Database Migration
This page is about moving data between two different databases — for example, copying everything from a MySQL database into a fresh YugabyteDB one. That's a different problem from the Migrations guide, which is about keeping one database's schema in sync with your Python model as it changes over time. If you're looking to add a column to an existing table, see that page instead — this one is for "move this whole database somewhere else."
mydborm.migrate handles that move end-to-end: it reads the source
database's schema, converts each column to the equivalent type on the
target database, creates the matching tables (CREATE TABLE /
CREATE INDEX — the SQL statements that define a table's structure,
often shortened to "DDL"), copies every row over in manageable
batches, and double-checks the row counts match when it's done.
Supported source → target pairs:
- MySQL → YugabyteDB / PostgreSQL
- YugabyteDB / PostgreSQL → MySQL
- YugabyteDB ↔ PostgreSQL (same type system — no mapping needed)
Python API
from mydborm import MigrationEngine
engine = MigrationEngine(
source={"dialect": "mysql", "host": "127.0.0.1", "port": 3306,
"user": "root", "password": "<password>", "database": "shop"},
target={"dialect": "yugabyte", "host": "127.0.0.1", "port": 5433,
"user": "yugabyte", "password": "<password>", "database": "shop"},
)
result = engine.run(
tables = None, # None = every table, or ["users", "orders"]
chunk_size = 500,
overwrite = False, # skip tables that already have rows in the target
on_progress = lambda table, done, total: print(table, done, total),
verify = True, # compare row counts after the copy
)
print(result.summary())
assert result.is_success()
MigrationEngine opens the source and target connections independently —
both stay open for the duration of the migration and are always closed in a
finally block, even on error.
MigrationResult
result.tables_migrated # tables successfully copied
result.tables_failed # tables that raised an error
result.total_rows # rows counted in the source
result.rows_transferred # rows actually written to the target
result.duration # seconds
result.errors # ["orders: <exception text>", ...]
result.warnings # ["Skipped 'products' — target already has data", ...]
result.is_success() # True if tables_failed == 0 and no errors
result.summary() # human-readable report
Migrating by model class
MigrationEngine builds the target schema from whatever is live in the
source database.

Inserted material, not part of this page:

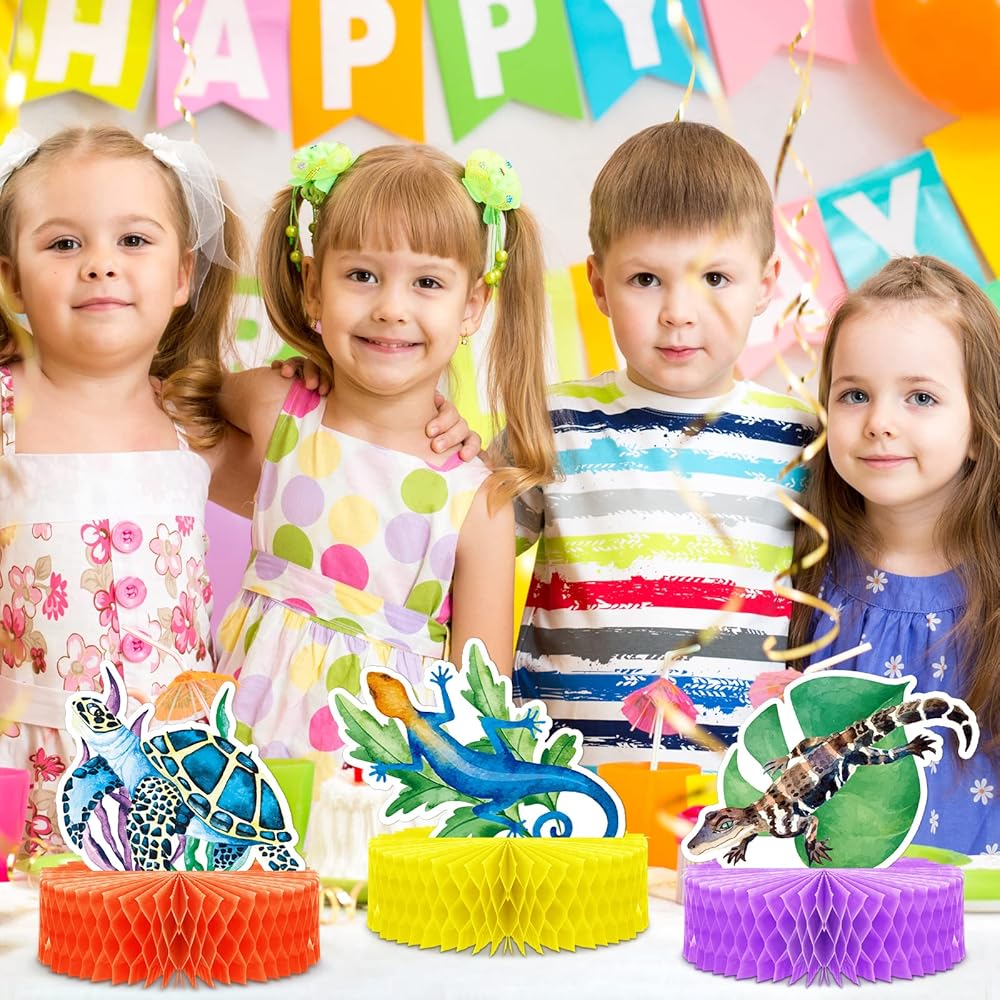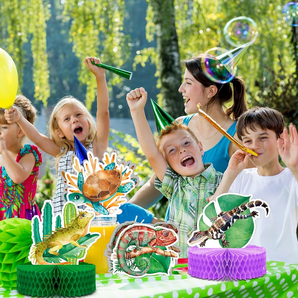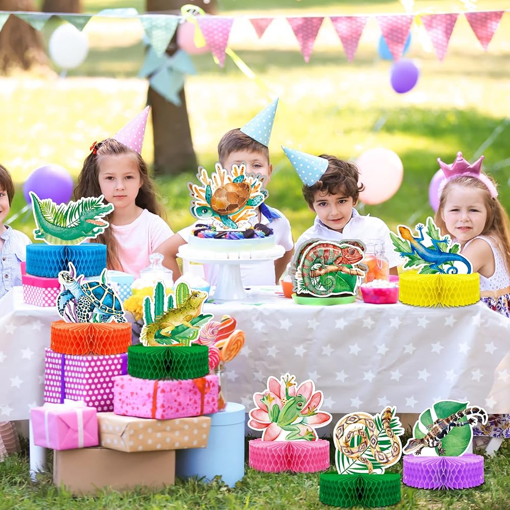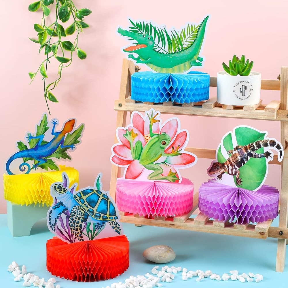 9 قطع مركزية على شكل خلية النحل والزواحف لحفلات اعياد الميلاد وديكورات حفلات الغابة ثلاثية الابعاد على شكل حيوانات المستنقعات على شكل خلية نحل وسحلية لتزيين سفاري وحفلات استقبال المولود وكشك التصوير

If you already have BaseModel subclasses and want the
model's own field definitions to be the source of truth for the target
table instead — typed columns, NOT NULL, defaults, and all — use
ObjectMigrator:
from mydborm import db, ObjectMigrator
from myapp.models import User, Order
source_db = db # or any configured ConnectionManager
target_db = db.__class__()
target_db.configure(dialect="yugabyte", host="127.0.0.1", port=5433,
user="yugabyte", password="<password>", database="shop")

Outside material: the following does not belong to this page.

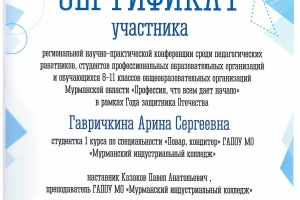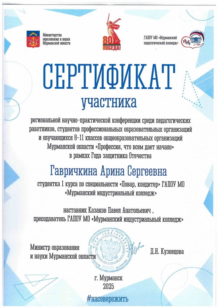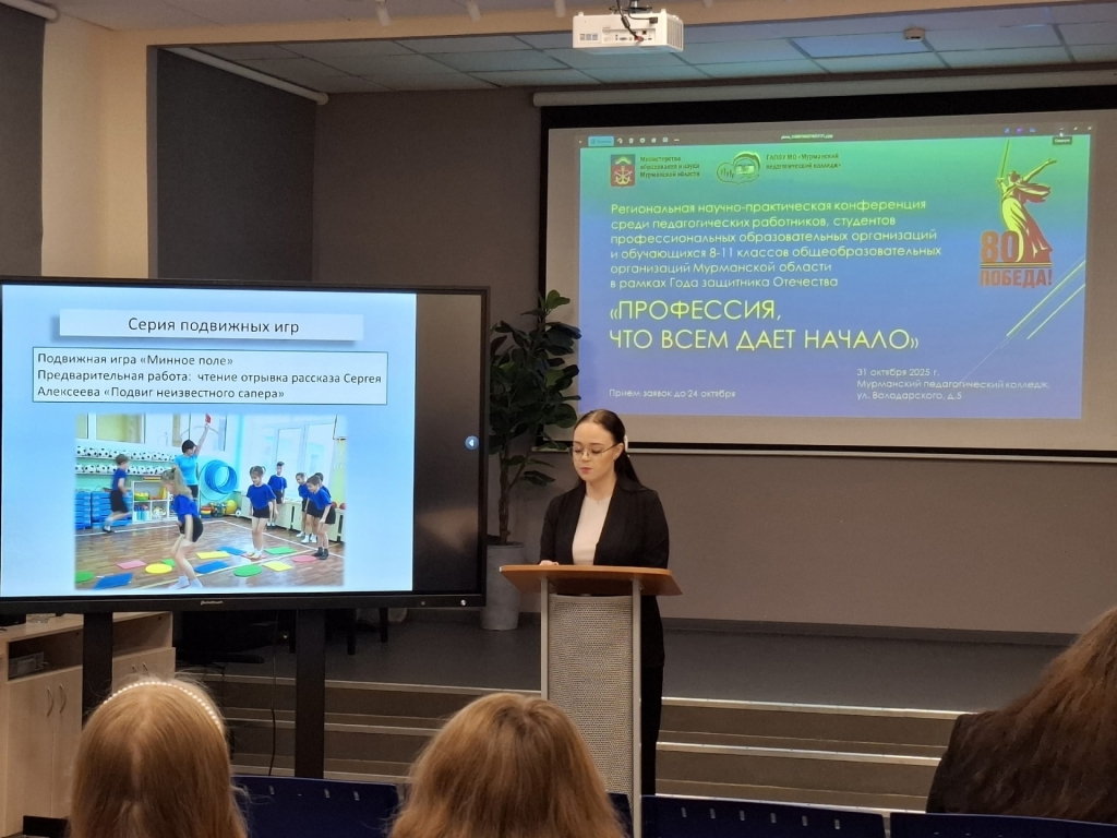 Региональная научно-практическая конференция «Профессия, что всем дает начало», которая состоялась 31 октября 2025 года на базе Мурманского педагогического колледжа, была посвящена Году защитника Отчества. Студенты Гавричкина Арина (12 группа), Шквир Степан (104 группа) представили колледж в секции «Историческая память России» с докладом «Математика как орудие Победы» под руководством преподавателя математики Казакова Павла Анатольевича.

migrator = ObjectMigrator(source_db, target_db, chunk_size=500)
result = migrator.migrate_model(User)
# {"table": "users", "rows_total": 12450, "rows_transferred": 12450, "skipped": False}
results = migrator.migrate_models([User, Order], overwrite=True)
# one model failing (e.g. a missing source table) doesn't stop the rest —
# failed entries come back as {"table": ..., "error": "..."}
ObjectMigrator doesn't own source_db/target_db — configure and close
them yourself, the same way you would for MigrationEngine. Row transfer
reuses the same chunked, retrying DataTransfer used internally by
MigrationEngine.
Dry run
dry_run() extracts the schema and generates DDL without opening a write
connection to the target — nothing is created or copied:
report = engine.dry_run(tables=["users", "orders"])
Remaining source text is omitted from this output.